Беннет помолчал, потом спросил:
– Вам известно понятие - конец истории? Наши философы предсказали его добрых сто лет назад, в конце двадцатого века. Они напророчили, что история закончится с повсеместной победой демократии и свободного предпринимательства. Философам следовало добавить сюда еще и бессмертие, уже в то время было ясно, куда идет наука. Они не додумали, жизнь их поправила. И сейчас можно уверенно сказать: через несколько десятков лет, когда умрут последние подопечные, родившиеся перед самой войной, долгожданный конец истории, наконец, настанет. Собственно, он уже наступил для большинства бессмертных обитателей Земли. Как вы считаете, многие из них помнят об этих стариках, доживающих в протекторатах и лагерях?… Вот именно! В лучшем случае наши бессмертные краем уха слышали о том, что существуют спецслужбы ООН, нечто вроде санитаров или ассенизаторов, которые где-то за горизонтом цивилизованного мира все еще копаются в последних людских отбросах минувшего. Вас не шокирует такое сравнение, мистер Фомин?
– Ну, не знаю…
– А я горжусь своей службой, - сказал Беннет. - Кто-то напоследок должен сделать и такую работу. И я не огорчен тем, что какой-нибудь простой обыватель из Нью-Йорка, Токио, Москвы или Сантьяго о нас, бедных ассенизаторах, не думает. А просто живет - без всяких социальных, национальных, религиозных потрясений. Живет на мирной планете, с однородной правовой системой, с условными границами, со свободным перемещением людей, капиталов, потоков информации. Живет, почти не старея, не испытывая страха перед болезнями и смертью. Да, мистер Фомин, это - конец истории!
Встреча с советом старейшин не произвела на меня никакого впечатления. В небольшом зале несколько десятков стариков (кстати, показавшихся мне куда более моложавыми, чем те, что слонялись по лагерным улицам) по очереди что-то говорили Беннету. Разговор шел по-арабски. Беннет слушал автоматический перевод, прижимая к уху "карманник", и через него отвечал старикам. Я тоже мог бы включить свой "карманник", но мне было неинтересно.
Интересное началось после совета старейшин, когда мы вышли оттуда и Беннет внезапно предложил:
– Давайте, отпустим машину и вернемся пешком.
– Пешком, через лагерь?!
Беннет с любопытством, сверху вниз посмотрел на меня:
– Вы, кажется, боитесь, мистер Фомин?
– Не настолько, чтобы забыть о своих обязанностях. Если не ошибаюсь, я должен вас охранять?

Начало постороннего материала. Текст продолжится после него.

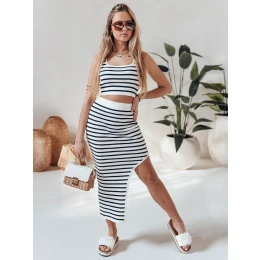 Tento dámsky pruhovaný komplet je ideálny na teplejšie dni. Krátky top s hrubšími ramienkami a klasickým výstrihom má moderný vzhľad, zatiaľ čo priliehavá maxi sukňa s vysokým pásom a pútavým rozparkom dodáva charakter. Pruhovaný vzor opticky zoštíhľuje siluetu. Jednofarebný dizajn je vhodný pre veľkosti XS až L. Materiál je mäkký na dotyk, elastický a dokonale sa prispôsobí telu, čo zaručuje voľnosť pri nosení počas teplých dní.
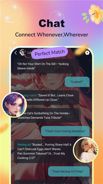 • Engage with personalities ranging from empathetic listeners to quick-witted conversationalists, adventurous storytellers, and even fantastical characters.
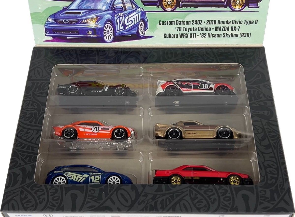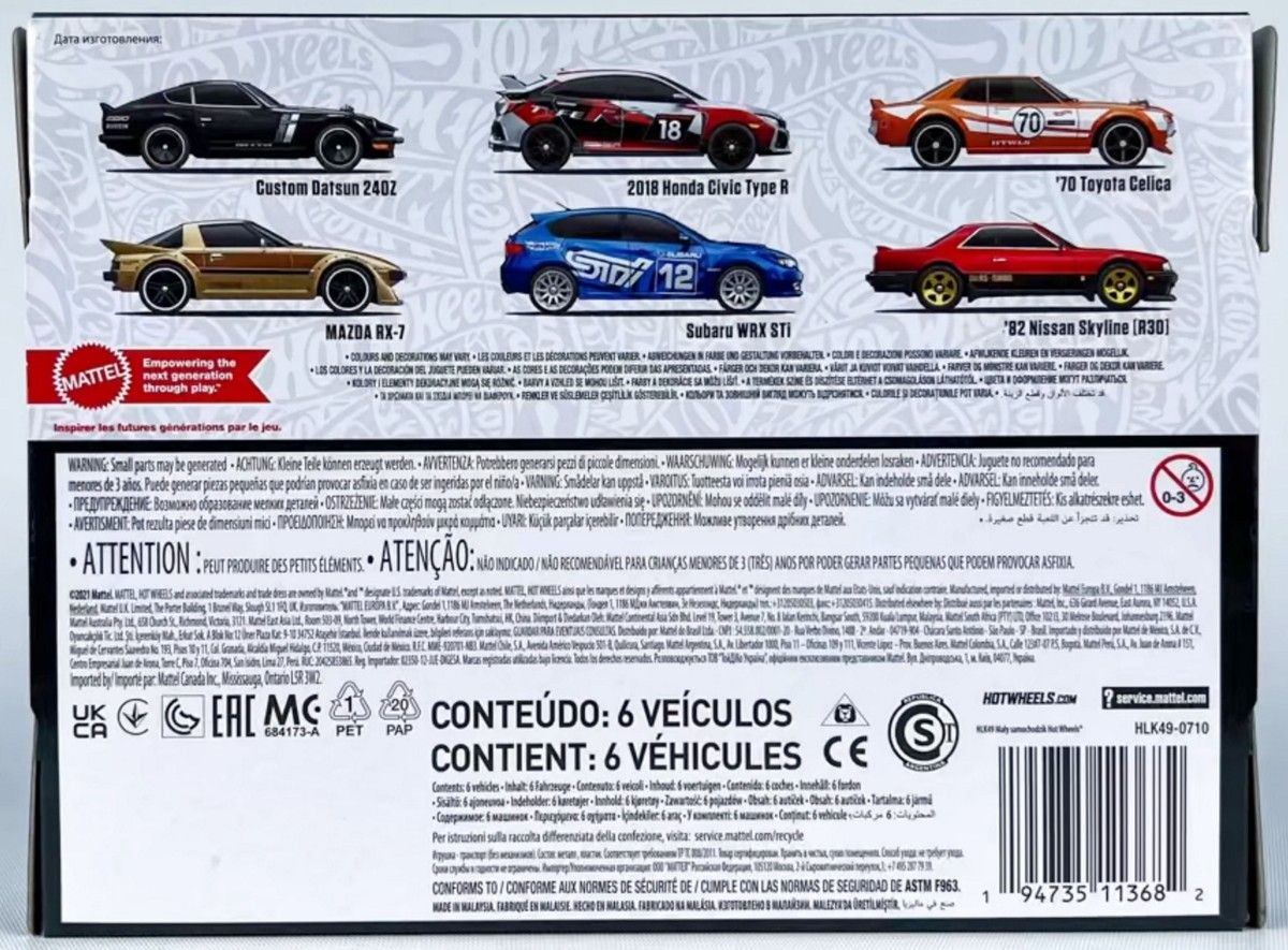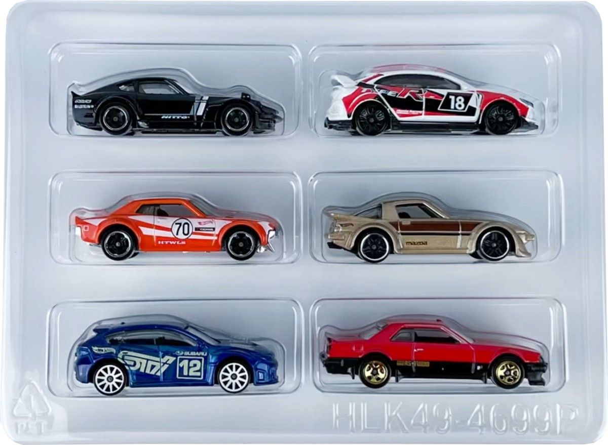 Here are more pictures of the upcoming Hot Wheels Japanese box set. The 6-car basic set features a variety of vehicles from Japanese manufacturers. Half the cars are from the 70s and 80s and the rest are from the 2010s.

Где прикажете маршировать, впереди вас или сзади?
– Просто идите рядом. Но не забывайте поглядывать по сторонам.
И мы пошли. Никакого удовольствия от прогулки я, разумеется, не получал. То, что я испытывал, не хочется называть страхом, но мне определенно было не по себе. Одно дело проезжать по лагерным улицам в герметичной машине с непробиваемыми стеклами и совсем иное - шагать ничем не защищенным в потоке здешних обитателей. Мы с Беннетом были слишком заметны. Я физически чувствовал, как волна узнавания катится перед нами, заставляя стариков подопечных (и что они только шляются туда-сюда?), подобно теням, соскальзывать с нашего пути. Расступаясь, они подчеркнуто не смотрели в нашу сторону, и все-таки я кожей ощущал, как они наблюдают за нами. Я ловил их шелестящие, гаснущие с нашим приближением обрывки разговоров. Я вдыхал особенный запах лагеря, в котором тоскливая кислота старческого пота и легкая резь дезинфекции смешивались с ароматами цветочных посадок, пряными испарениями какой-то еды, горячим кофейным духом. Если история действительно кончалась, она кончалась этим странным запахом - обреченной, истекающей жизни.